Management Of Premier Mills Limited v. Presiding Officer, Labour Court
2009-09-08
K.RAVIRAJA PANDIAN, T.RAJA
body2009
DigiLaw.ai
JUDGMENT : K. Raviraja Pandian and T. Raja, JJ. Questioning the correctness of the order of the writ Court dated November 17, 2000 made in W.P. No. 3988/1998, the present appeal is filed. 2. The writ Court approved the order of the Labour Court impleading the appellant u/s 18(3) of the Industrial Disputes Act for resolving the dispute referred to the Labour Court by the Government u/s 10(1)(c) of the Industrial Disputes Act. 3. The necessary facts for disposal of the appeal go as follows: The appellant established a textile mill at Pulankinar, Udumalpet Taluk with spindle capacity of 60,000 in the year 1945 with work force of thousand workman. In the year 1983, the appellant, put up a voluntary retirement scheme pursuant to which the entire labour force opted for voluntary retirement and left the service of the appellant. The mill was defunct thereafter. In the year 1986, the vacant premises of the mill with reeling and cone winding machines was given on lease to R. Krishnaswamy, who carried on the process of conversion of cops and cone into hank yarn and cone yarn in the name of Krishnaswamy Converters. Subsequently, one Ms. R. Mani carried the business in the name of Sri Vinayaga Converters with separate factory registration, factory licence, E.S.I., and E.P.F. Code Numbers etc., having a separate standing order, which is the third respondent. The third respondent was doing conversion job for the appellant and for other textile mills too. On May 22, 1995, the workmen of Vinayaga Converters went on strike demanding regularisation and increase in wages. Subsequently, the strike was called off. On August 1, 1995, the third respondent declared lay-off. On September 23, 1995, the second respondent Union complained to the third respondent Management demanding regularisation and increase in wages. On December 4, 1995, the second respondent addressed a letter to the Joint Commissioner of Labour, Coimbatore in which it was alleged that the appellant was the principal employer and therefore the appellant should be impleaded as a party to the dispute raised by the second respondent against the third respondent. On December 6, 1995, the Joint Commissioner of Labour, Coimbatore forwarded the letter of the second respondent dated December 4, 1995 inviting the comments of the appellant for the proposal of impleading the appellant as a party to the dispute between the second and third respondents.
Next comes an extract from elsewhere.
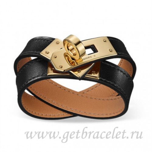Bracciale Hermes Rivale a doppio giro nero con oro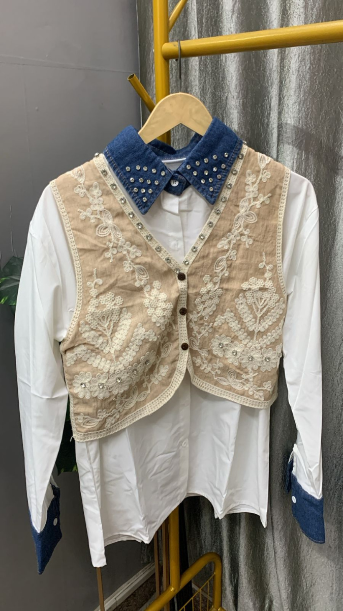 Elegant and timeless, this embroidery designed vest with plain shirt set combines classic style with beautiful detailing. The plain shirt offers a clean and versatile base, while the embroidered vest adds texture, artistry, and a refined touch to the outfit. Perfect for layering, this stylish combination creates a sophisticated yet effortless look. Pair it with jeans, trousers, or skirts for casual outings, workdays, or smart-casual occasions.

On December 6, 1995, the Joint Commissioner of Labour, Coimbatore forwarded the letter of the second respondent dated December 4, 1995 inviting the comments of the appellant for the proposal of impleading the appellant as a party to the dispute between the second and third respondents. On January 6, 1996, the appellant sent a reply stating that the appellant has nothing to do with the third respondent and there was no question of making the appellant as a party to the dispute. On June 13, 1996, the Joint Commissioner of Labour submitted his conciliation's failure report. Thereafter, by Order in G.O. Ms. No. 1030 dated November 19, 1995 the Government of Tamil Nadu made the following reference to the first respondent for adjudication: Whether the closure of the establishment of Sri Vinayaga Converters, Pulankinar, Udumalpet Taluk, Coimbatore District with effect from June 15, 1996 is justified, if not, to what relief the workmen are entitled? The second respondent on August 6, 1997 filed its claim statement alleging that the appellant was the real employer and the third respondent was only a benami and the appellant should be made as a party to the dispute. The second respondent also moved an application in I.A. No. 38/1997 to implead the appellant as party respondent in the dispute in I.D. No. 319/1996. The appellant filed counter. The first respondent by its order dated February 3, 1998 impleaded the appellant as a party to the dispute, which order was confirmed when challenged by the writ Court by reason of the impugned order. 4. From the facts narrated above, the only point to be decided in the case is whether the order of the Labour Court dated February 3, 1998 impleading the appellant as a party to the dispute, as confirmed by the writ Court, is correct or not? 5. We heard the learned counsel on either side and perused the material on record. 6. The reference in G.O. Ms. No. 1030 dated November 19, 1996 reads thus: Whether the closure of the establishment of Sri Vinayaga Converters, Pulankinar, Udumalpet Taluk, Coimbatore District with effect from June 15, 1996 is justified, if not, to what relief the workmen are entitled? 7. From the above reference, it is clear that an Industrial Dispute has arisen between the second respondent and the third respondent.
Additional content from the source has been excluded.